Начальник поднял голову и осмотрел своего помощника с головы до ног.
- Вы слишком плотно ужинаете, Симкинс. К сорока годам у вас будет
свыше ста килограммов. Жир вреден, ибо развивает добродушие. У хорошего
человека злость сидит в костях, а не в жире. Сколько их было, этих
искусственников? Тридцать два, вы сказали?
- Сорок восемь. Крен говорит о тридцати двух потому, что они ему всех
ближе. Но всего их было сорок восемь. Ни один пока не пойман.

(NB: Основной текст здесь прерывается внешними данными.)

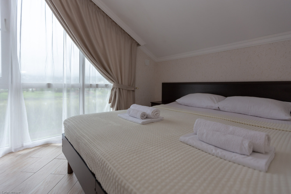 Номерной фонд представлен номерами «Стандарт» с удобствами, новой мебелью, хорошим ремонтом и современной бытовой техникой. Номера разной вместимости и идеально подходят для семейного отдыха.

- Оставьте дневник и можете идти.
Когда следователь осторожно закрыл за собой дверь, начальник
пододвинул обгоревшую тетрадь. От первых страниц ничего не осталось,
многое отсутствовало и на следующих, но середина и конец составляли почти
связный текст. Начальник читал с интересом, временами качал головой и - не
то удивленно, не то восхищенно - бормотал про себя: "Прохвост же! Ну и
прохвост! Двадцать пять - и ни года меньше!"
*
...потрясенный. Я стремился лишь к этому восемь мучительно трудных
лет - нет, я не мог поверить! Это было слишком хорошо, немыслимо хорошо! Я
заметался по комнате, чуть не плакал; думаю, взгляни кто со стороны, решил
бы, что я сошел с ума, - так я был рад! Потом я сказал: возьми себя в
руки, он настал, наконец, час твоего торжества - весь мир вскоре падет к
твоим ногам! Я прикрикнул на себя: и на меньшее, чем мир, не соглашайся,
руки у тебя достаточно сильны, чтобы поиграть этим шариком; нет, говорю
тебе, нет, ты не напрасно потрудился, человечество отметит тебя среди
величайших благодетелей! После этого я приблизился к аппарату. Колени у
меня дрожали. Шарик жил, пульсировал, расчле...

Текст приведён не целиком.